Monday, November 30, 2015

Quotable: Perry Link on China’s media controls


publicdiplomacycouncil.org

Sunday, November 29th 2015
In a recent article, Perry Link reviewed the two statements issued by the PRC’s Xi Jinping and Taiwan’s Ma Ying-jeou following their November 5 meeting in Singapore.  “What Xi and Ma Really Said” wrung out meanings and implications of the word choices made by the two.  Link is Professor Emeritus of East Asian Studies at Princeton University.  The whole article --- from the ChinaFile website on November 17, 2015 -- demonstrated the importance of deep language skills in diplomacy and communication.  Here, however, is Link’s opening description of media control in China.

The Chinese government employs hundreds of thousands of people at all administrative levels, central to local, to prescribe and monitor how news stories are presented to the public.
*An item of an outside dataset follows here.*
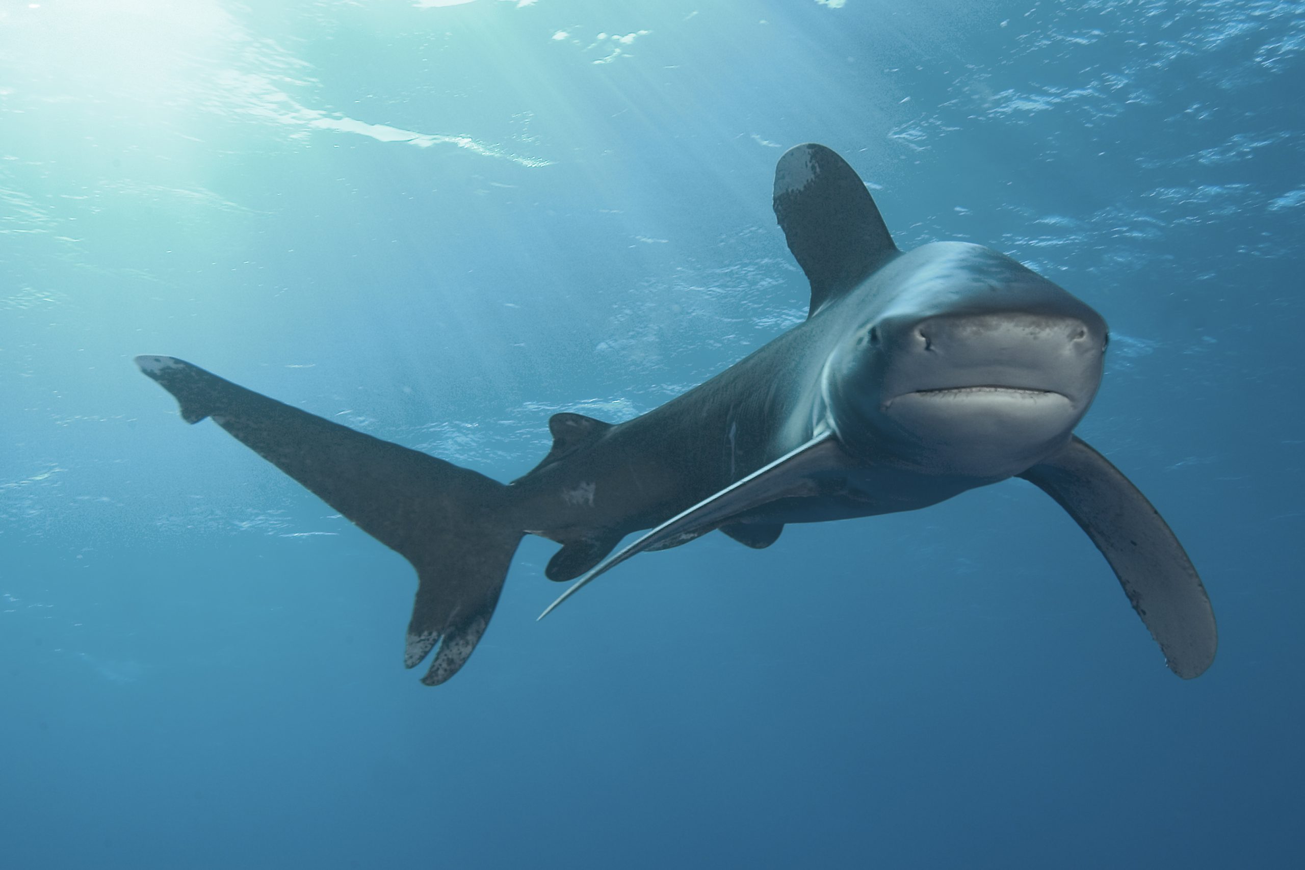 Vive la adrenalina de bucear en el Mar Rojo junto a los majestuosos tiburones longimanos, conocidos por su elegancia y curiosidad en mar abierto.

These people tell editors of newspapers and web pages not only what stories to run, but also what words and phrases to use, how to write headlines, and what page a story should appear on. They further prescribe what words must not be used, which stories not be published, and which stories allowed but “downplayed.” The more politically important a story is, the closer the scrutiny is. The attention given to national-level slogans and top policy announcements is meticulous. Elite word workers study them from nearly every possible angle.